• **Collected data**:
______

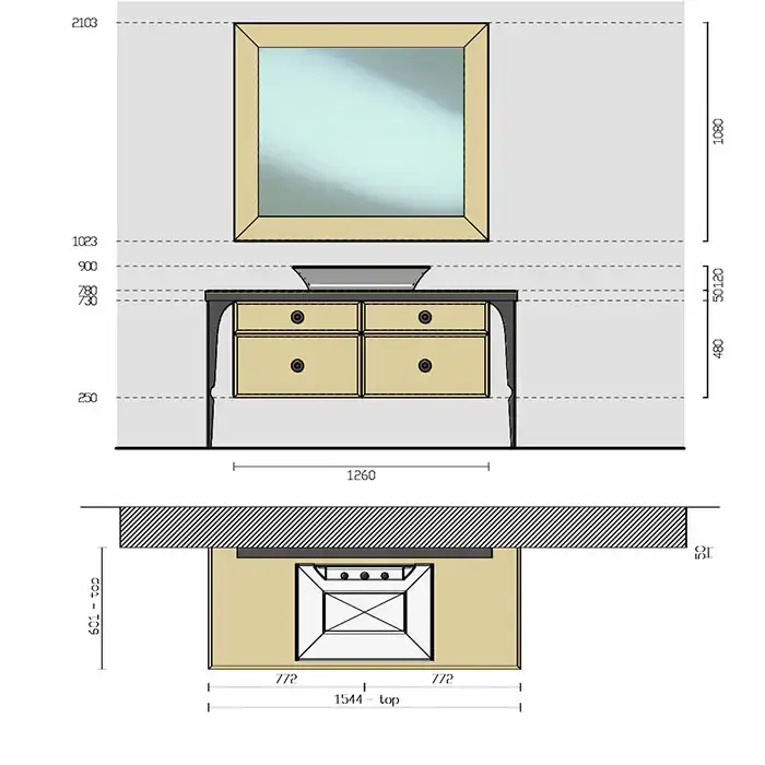 VITAGE milldue edition MAJESTIC 07 Комплект мебели 154х60хh78см., напольная, раковина, зеркало, отделка: стекло Bronzo acidato/black crom
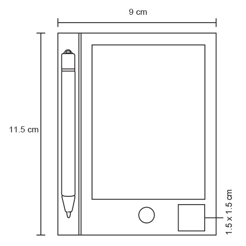 mini pizarrón digital de plástico, con plumilla, botón para eliminar escritura, botón de bloqueo para evitar la pérdida de información e imán en la parte trasera. incluye una batería.
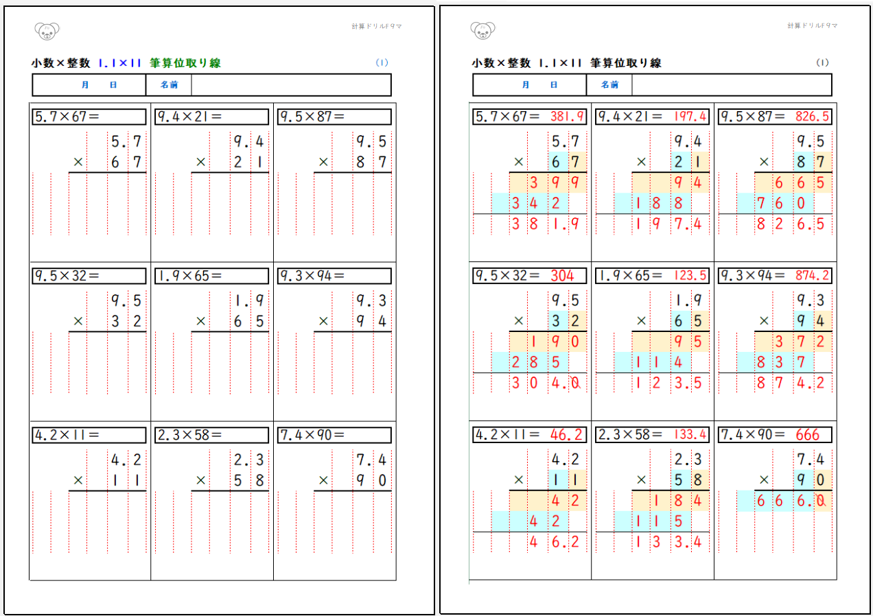 | ④1.1×1 特殊 2.4×5 4.8×5 7.5×4 など 積の小数第一位の数字が0になる問題だけを出題します。 積の小数部分の末尾が0になるときは斜線で消す約束に慣れるためのドリルです。 必要のない子どもにはスキップしてください。 |
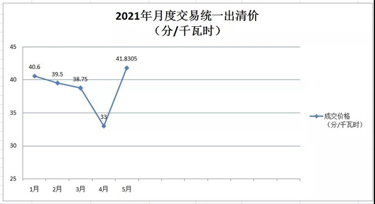 广西电力市场2021年5月月度竞价交易价格环比上涨近9分
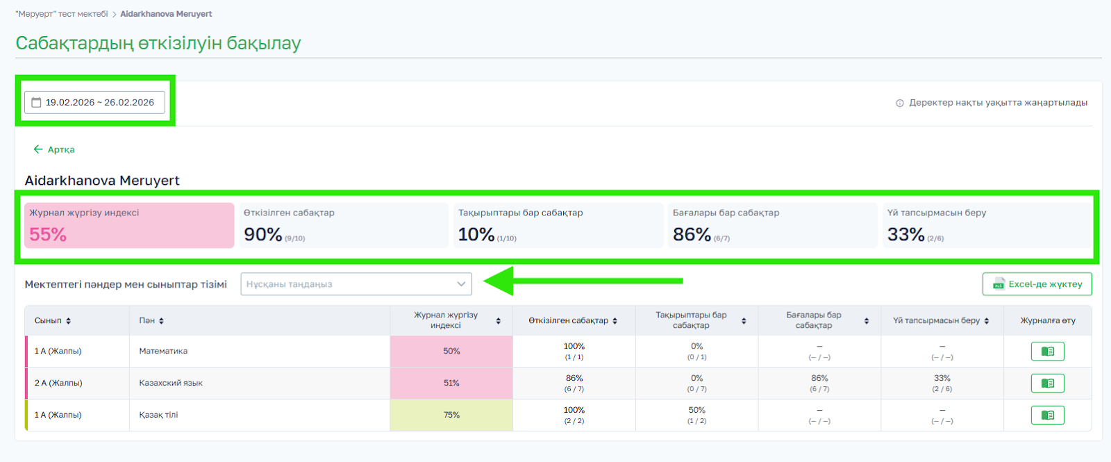 - Бағалары бар сабақтар — мұғалім бағаларды қойған сабақтардың саны мен пайызы;
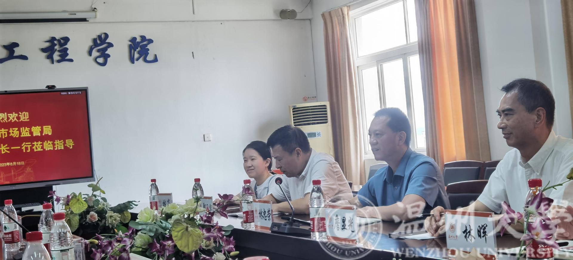 8月18日上午,瓯海区市场监管局林忠荣副局长一行莅临公司开展知识产权“产学研”交流工作。座谈会由经理汪鹏君主持,经理助理张鉴教授以及骨干教师出席。
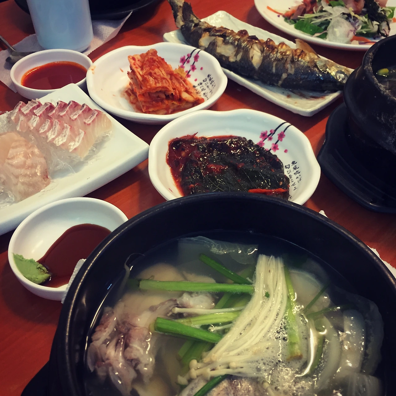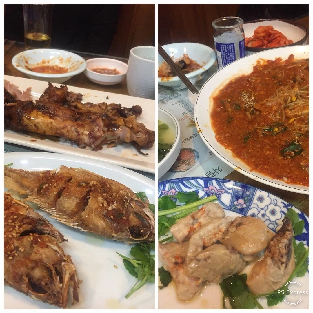 23. 우리 방 친구들 절반 가까이 술을 마시지 않다보니 저녁 회식은 잘 안해요. 와중에 드물게 다함께 해장이 필요한 날. 해장 메뉴 마뜩찮은 동네에서 1년 만에 발견하다니. 1.5만원 대구지리도 괜찮지만 회와 생선구이, 회무침까지 그냥 깔아주시는군요. 실한 청어구이가 맘에 들었어요. 밥은 안 내켰는데 깻잎절임과 야금야금 망. 2층 계단이 좁고 가팔라 꽐라 되기에는 위험한 집 #필운동이라니 #백령도횟집 #직장인점심

______

• **Exercise details**: No picture belongs in the answer; the rest of the records must be repeated exactly.

• **Result of this task**:
 VITAGE milldue edition MAJESTIC 07 Комплект мебели 154х60хh78см., напольная, раковина, зеркало, отделка: стекло Bronzo acidato/black crom
 mini pizarrón digital de plástico, con plumilla, botón para eliminar escritura, botón de bloqueo para evitar la pérdida de información e imán en la parte trasera. incluye una batería.
 | ④1.1×1 特殊 2.4×5 4.8×5 7.5×4 など 積の小数第一位の数字が0になる問題だけを出題します。 積の小数部分の末尾が0になるときは斜線で消す約束に慣れるためのドリルです。 必要のない子どもにはスキップしてください。 |
 广西电力市场2021年5月月度竞价交易价格环比上涨近9分
 - Бағалары бар сабақтар — мұғалім бағаларды қойған сабақтардың саны мен пайызы;
 8月18日上午,瓯海区市场监管局林忠荣副局长一行莅临公司开展知识产权“产学研”交流工作。座谈会由经理汪鹏君主持,经理助理张鉴教授以及骨干教师出席。
 23. 우리 방 친구들 절반 가까이 술을 마시지 않다보니 저녁 회식은 잘 안해요. 와중에 드물게 다함께 해장이 필요한 날. 해장 메뉴 마뜩찮은 동네에서 1년 만에 발견하다니. 1.5만원 대구지리도 괜찮지만 회와 생선구이, 회무침까지 그냥 깔아주시는군요. 실한 청어구이가 맘에 들었어요. 밥은 안 내켰는데 깻잎절임과 야금야금 망. 2층 계단이 좁고 가팔라 꽐라 되기에는 위험한 집 #필운동이라니 #백령도횟집 #직장인점심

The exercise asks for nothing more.